» Problem description: Return all of the data that follows precisely, leaving every image out.

» Material provided:

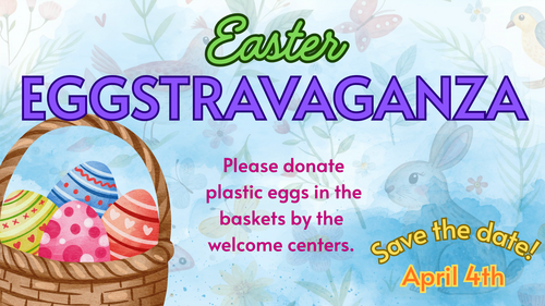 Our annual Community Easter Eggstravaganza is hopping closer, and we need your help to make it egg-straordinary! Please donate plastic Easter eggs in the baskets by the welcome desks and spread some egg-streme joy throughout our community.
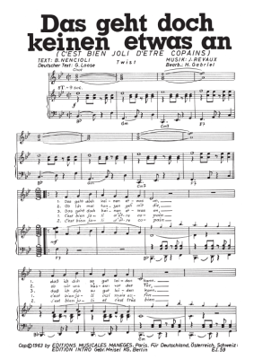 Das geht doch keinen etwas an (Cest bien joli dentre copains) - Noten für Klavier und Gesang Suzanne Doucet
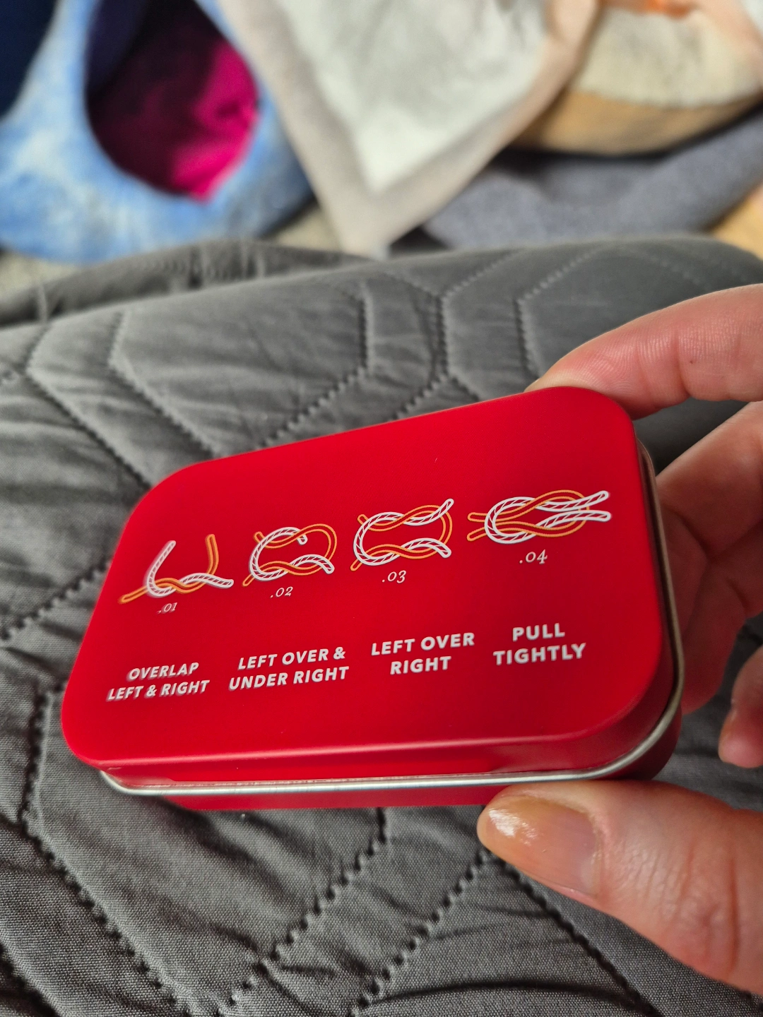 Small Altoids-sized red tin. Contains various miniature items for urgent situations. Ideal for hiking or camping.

» Answer box:
 Our annual Community Easter Eggstravaganza is hopping closer, and we need your help to make it egg-straordinary! Please donate plastic Easter eggs in the baskets by the welcome desks and spread some egg-streme joy throughout our community.
 Das geht doch keinen etwas an (Cest bien joli dentre copains) - Noten für Klavier und Gesang Suzanne Doucet
 Small Altoids-sized red tin. Contains various miniature items for urgent situations. Ideal for hiking or camping.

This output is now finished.